Most enterprises undergo extensive data replication as part of their daily operations. This creates widespread redundancies that increase the complexity and inflexibility of the enterprise architecture, and makes it harder to implement enterprise-wide SOA. Replication creates redundant and inconsistent data sources across the enterprise, and causes the creation of redundant and inconsistent business logic throughout the enterprise.
The information on-demand vision
Information is the key to business innovation. The information on-demand vision aims to leverage information for business optimization by delivering trusted information real-time and in context. It also aims to reduce risk and improve visibility into business operations.
Business drivers for an on-demand enterprise are driving the shift to loosely coupled, dynamically configurable applications. On-demand enterprises then adopt a strategy to build these loosely coupled, dynamically configured applications, instead of tightly coupled, hard-wired applications. On-demand enterprises aim to reconfigure and assemble services in an on-demand or just-in-time manner from disparate application components.
In order to achieve the information on-demand vision, you must create loosely coupled information services that can be reused for different business contexts. The following section describes a proposed architecture to achieve this loose coupling. It's important to note that an information entity can differ in composition and usage from one business context to the other. To illustrate this, consider the following example from the IBM enterprise.
At IBM, the client organization information is used in a variety of business contexts and business processes including sales and financing. The business context for a direct sale is different than the business context of credit and financing where IBM’s credit facility (IBM Global Finance) is trying to finance the customer’s purchases. Different client organization information is needed for the “financing” business context than for the “direct-sell” business context. For sales, the sales region and sales representative are the relevant pieces of information, but for financing, information about revenue and credit rating is important. This information is typically different than the core customer data (organization name and address, geography, region, and so on.) The core organization data is also composed of legal information, independent of IBM, like name and address, and IBM-specific classifications like IBM Geography and IBM Region. As you can see, in the financing business context the client organization entity has a different meaning and composition than in the sales business context, and all this data is likely stored in different enterprise databases.
An enterprise information on-demand architecture
Figure 1 shows an information access and distribution architecture for an on-demand enterprise. This architecture employs information services with abstraction layers that maximize the loose coupling between applications, or enterprise processes, and enterprise data.
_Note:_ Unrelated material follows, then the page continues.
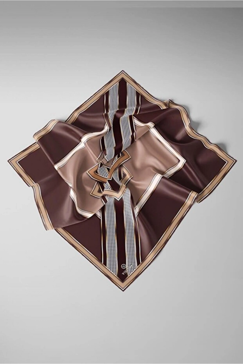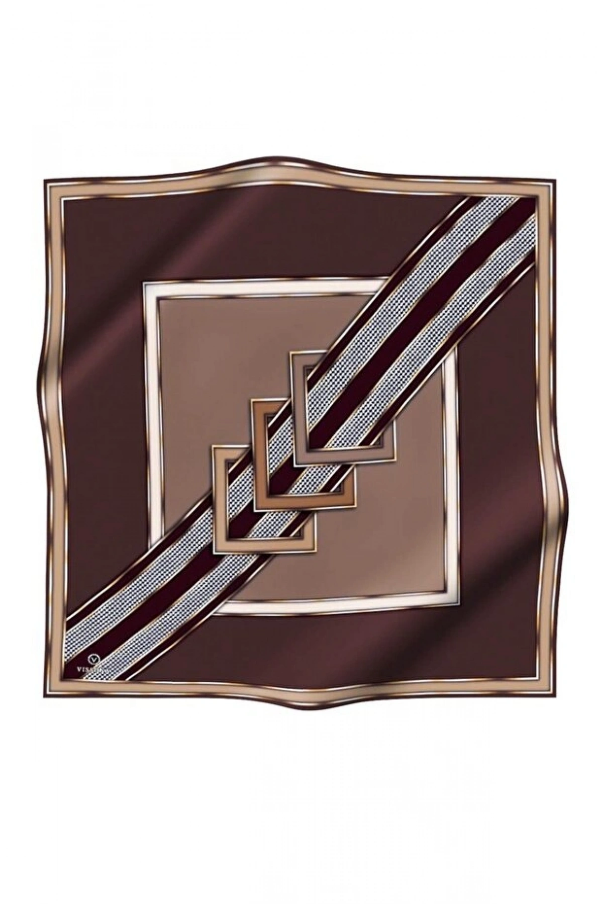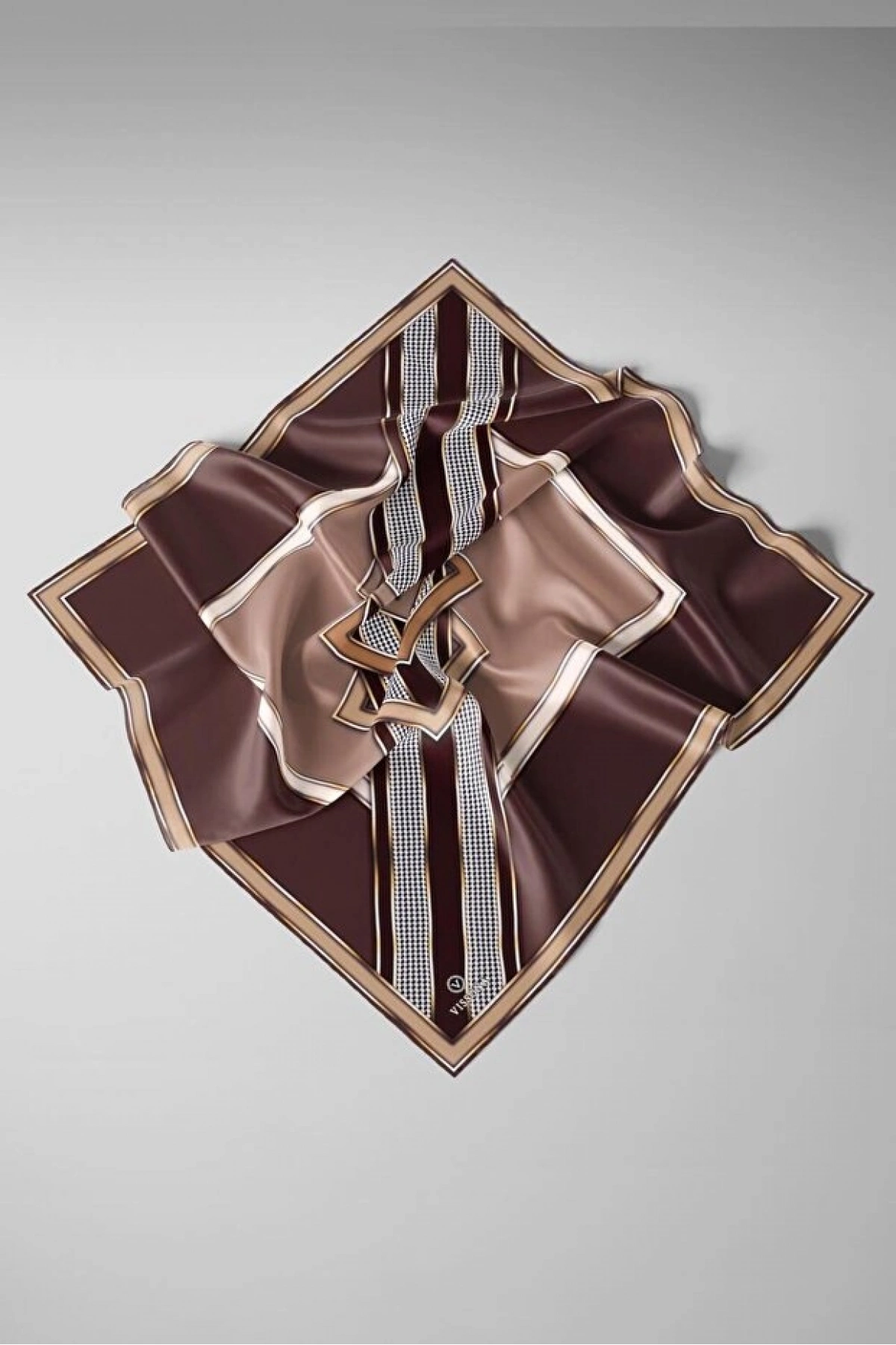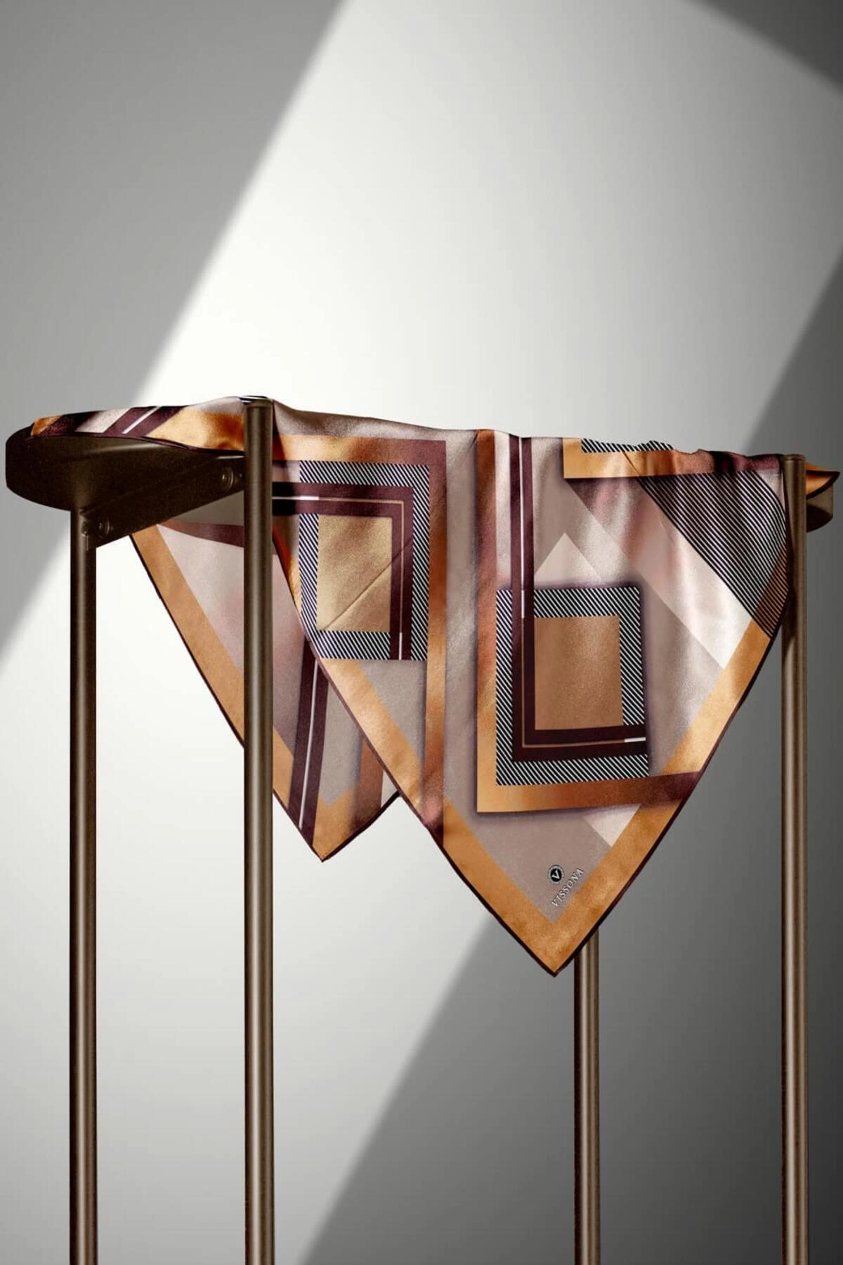 Vissona %100 Twill İpek Kareli Kazayaklı Desenli Kahverengi - Vizon Renkli 90x90 Eşarp Kenar Dikiş Şekli El

By maximizing the loose coupling between processes and data, we maximize the reusability of information services. We'll discuss this in detail in this article, and show how you can enable a flexible and responsive on-demand enterprise by implementing information services that follow the proposed architectural abstractions.
Figure 1. SOA information access and distribution architecture for an on-demand enterprise
In the proposed architecture, the information sources (the data repositories at the bottom of Figure 1) in the enterprise are no longer tightly bound or limited to any specific enterprise application. The data manipulation services (in the lower layer) extract data from the physical repositories, and semantic services turn this data into information. That is, semantic services translate the physical data into a logical representation of the data that conforms to the agreed-upon business view of the data (the information model). In this manner, information services enable flexibility during the composition process by configuring (or exploiting) the underlying data repositories for the business context at hand.
Remember that the same information is composed and used differently in different business contexts. For example, customer information used within a direct sales business context most likely includes different customer information entities than the ones used in the customer financing business context. So, if customer information services are created (at the various levels of abstraction shown in the architecture) for the direct sales business context, then when composing a new solution for the customer financing business context, some of the customer information services can be reused in the new solution composition (the new business context), while other new customer information may need to be created. If the customer information service is built in a monolithic and hard-wired fashion to satisfy only one business context, without considering the specification of the underlying reusable services at the different layers of abstraction, it will be impossible to provide a flexible architecture that can reuse the underlying services to compose a solution for the new business context.
The rest of this article describes the proposed architecture and how to build it step-by-step.
Leveraging enterprise information with SOA and information services
SOA fosters the ability to easily connect and reuse information and software assets. SOA has enabled IT management to develop a new approach to turn data into a much more powerful corporate asset. Information is a vital component of the SOA strategy. Information availability is the most anticipated benefit of business investment in IT. According to Gartner Research, "You will waste your investment in SOA unless you have enterprise information that SOA can exploit." ("Service-Oriented Business Applications Require EIM Strategy," Gartner Research, March 2005)
Information services are integral to the SOA strategy, which centralizes and standardizes the approach to data integration for processes and applications. Information services integrate and manage diverse data and content from various information sources in a unified manner. Information services package and make available information as a service to all business processes in a standard, consistent, and manageable way. Information services provide a virtual enterprise information environment in which the users of information are shielded from the complexities of the underlying information systems and repositories. This environment provides a single point of control for access to information systems through which people, processes, and applications can access reliable information without knowing how or where it is stored. In this manner, information systems and repositories can evolve without impacting users (people, processes, and applications).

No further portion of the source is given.